The analysis needs to be motivated by whatever the relevant dynamics are in the system. What you have listed are boilerplate analyses that may or may not be useful. Try them and see. But your most valuable tool is your eyes. What you see in the trajectory can and should guide how you quantify the behaviors you observe.
You are right! Some case of MD simulation. I found that the fluctuation of helix displayed a significant moving that was observed by my eyes. However, it was not analyzed by RMSF analysis. Do you know why ?
Let’s me try it. I hope those trajectory analysis methods (RMSD, RMSF, Rg, Hbond) can help me analyze the binding stability of protein:peptide:ligand complex after performing a MD simulation according to your tutorial.

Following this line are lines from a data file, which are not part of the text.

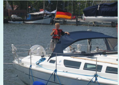
Jeanneau Sun Odyssey 40.3 "ARIES"

Ein einfaches Reffen durch Einleinen-Reffsystem mit Lazy-Jack und Lazy Bag ist möglich. Es gibt ein Rollrefsystem am Vorsegel. 2 Ruder im Heck ermöglichen ein entspanntes Segeln. 4 dicke Batterien geben immer genug Strom. Ein starker Motor (40 kw) gibt Sicherheit. Das Schiff verfügt über einen großen Farbkartenplotter mit GPS und eine moderne Selbststeueranlage. Ab 2008 verfügt die Yacht über einen DVBT-Fernseher mit DVD-Abspielmöglichkeit.
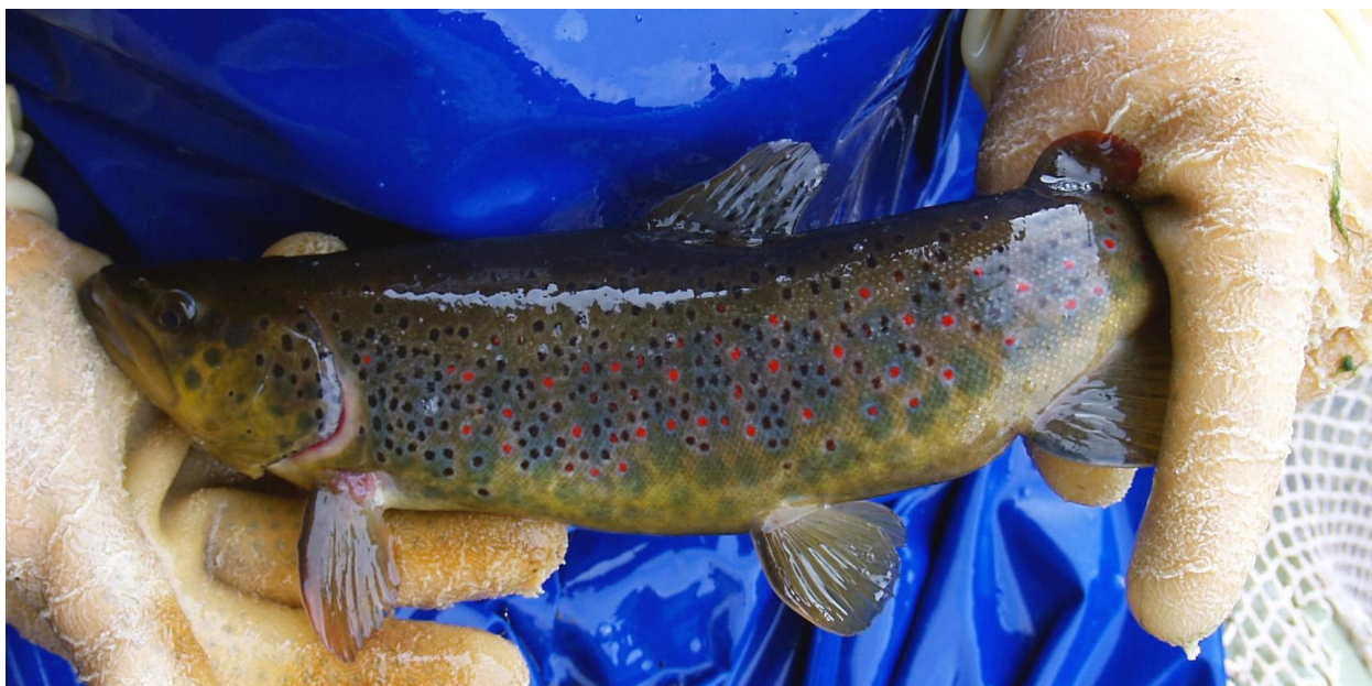
Foto 3 – Splendido esemplare maschio di Trota Mediterranea dell'alto corso del Fiume Secchia nel Parco Nazionale dell'Appennino Tosco-Emiliano.
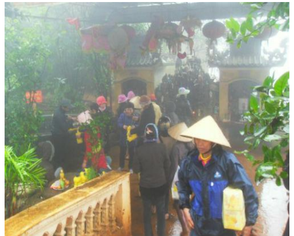
Xin nước ở giếng Tiên
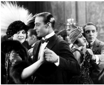
1921 LES 4 CAVALIERS DE L'APOCALYPSE (The four horsemen of the Apocalypse) de R. Ingram
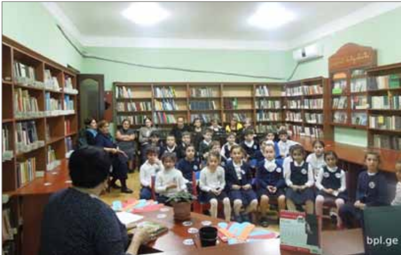
იაკობ გოგებაშვილის დაბადებიდან 175 წლისადმი მიძღვნილი საღამო (საბავშვო-ახალგაზრდობის განყოფილება)
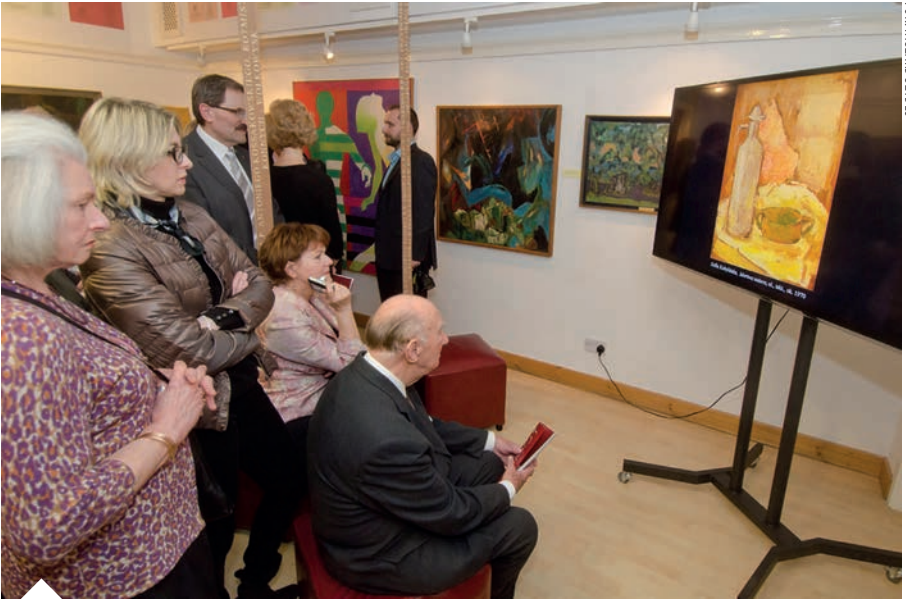
Goście na wystawie inauguracyjnej oglądają na ekranie całość Malarstwa Współczesnego
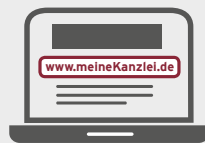
Adresse Ihrer Homepage eintragen
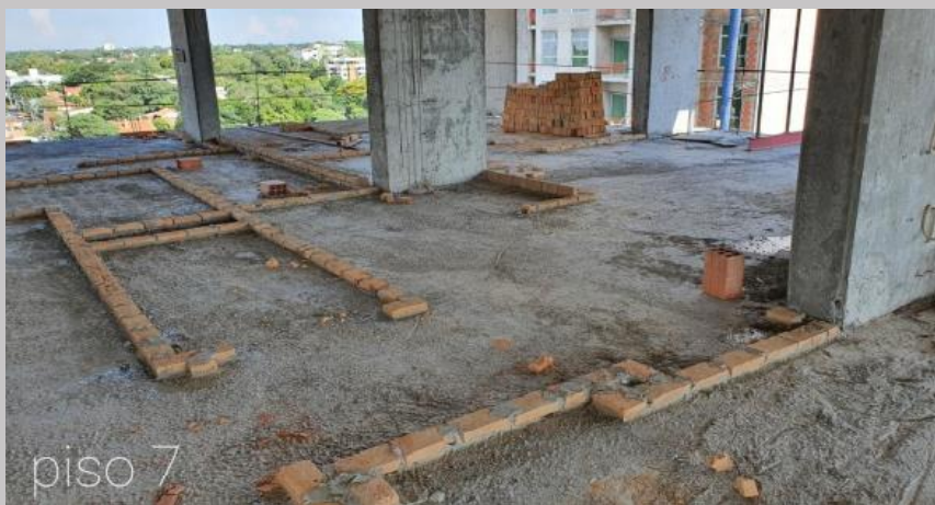
Replanteo para los cerramientos en el piso 7
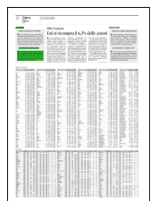
Superficie 1 %

ARTICOLO NON CEDIBILE AD ALTRI AD USO ESCLUSIVO DEL CLIENTE CHE LO RICEVE - L.1737 - T.1752
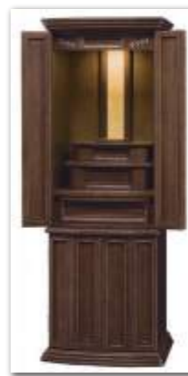
50号 ダークブラウン
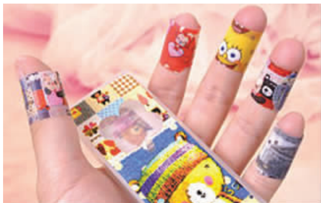
卡通创可贴颜值虽高,但存安全隐患
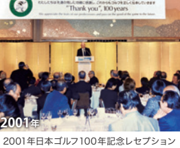
2001年 日本ゴルフ100年記念レセプション
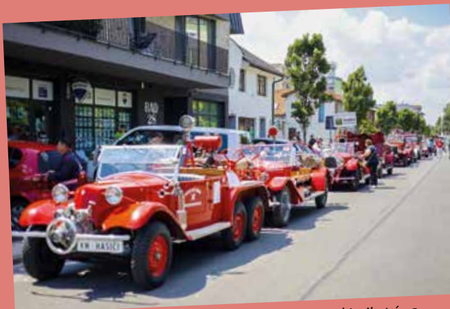
A kiállított eszközök, berendezések lenyűgözték a kicsiket és a nagyokat is

Több száz kiállított történelmi és modern tűzoltótechnikai berendezés, bemutatók tucatjai, történelmi kiállítások, fúvószenekari koncertek, pazar felvonulás, valamint egy sikeres rekordkíséret. Erről is szólt a június 16-án és 17-én ötödik alkalommal megrendezett Így oltották a tüzet elődeink című történelmi tűzoltótechnikai kiállítást, amelynek hangulatát most Szinghoffer Máttyás felvételeivel idézzük meg.
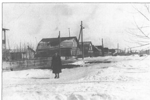
Улица Жуковского. 1950

К своему односельчанину часто обращались жители Опалихи по самым разным вопросам. Поселок в то время – это несколько улиц рядом с платформой: Железнодорожная, Советская и Садовая. Они располагались справа (если ехать из Москвы) и шли параллельно железнодорожным путям. Централизованное водоснабжение и канализация оставались несбыточной мечтой. Воду носили из колодца, на дне которого били ключи, сейчас на его месте пруд. Воды катастрофически не хватало. В летние дни колодец опустошали до самого дна. Послевоенная Опалиха жила натуральным хозяйством: держали коров, свиней, кроликов и птицу, на полянах в лесу косили сено, у каждой семьи был свой огород.
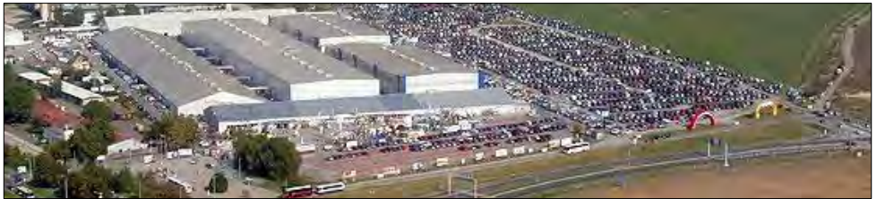
Oversikt over messeområdet Sberatel.

Deltagerne kan selv bestemme om de reiser ned for hele eller deler av perioden, eller utvider turen med andre gjøremål. Praha er en flott by som en lett kan bruke noen dager på å gjøre.

I tried to do pdb2gmx, but produced 2 types of posre*.itp file and 2 types of topol*.itp file. I do not know how to do next steps. Besides, a error message (invalid order for directive moleculetype) was happened, shown as below:
protein had two chain, A and I chain, shown as below,
ATOM 1795 CA GLY A 368 59.033 58.052 15.305 1.00 97.56 C
ATOM 1796 C GLY A 368 58.593 58.349 13.883 1.00110.38 C
ATOM 1797 O GLY A 368 58.377 59.536 13.560 1.00111.51 O
ATOM 1798 OXT GLY A 368 58.471 57.398 13.081 1.00109.05 O1-
ATOM 1799 N LYS I 688 59.481 63.655 19.378 1.00139.48 N1+
ATOM 1800 CA LYS I 688 60.143 64.297 20.548 1.00146.68 C
ATOM 1801 C LYS I 688 59.263 65.370 21.186 1.00148.41 C
ATOM 1802 O LYS I 688 59.573 66.561 21.127 1.00150.33 O
when I do pdb2gmx, it produced the following files,
,and I make a copy of protein_processed.gro to be a complex.gro;
At a time before, I moved the all “;include” to the top before the [moleculetype]
However, in this case, I don’t know how to perform and how to solve the error. How to moved the ";include " to a suitable location?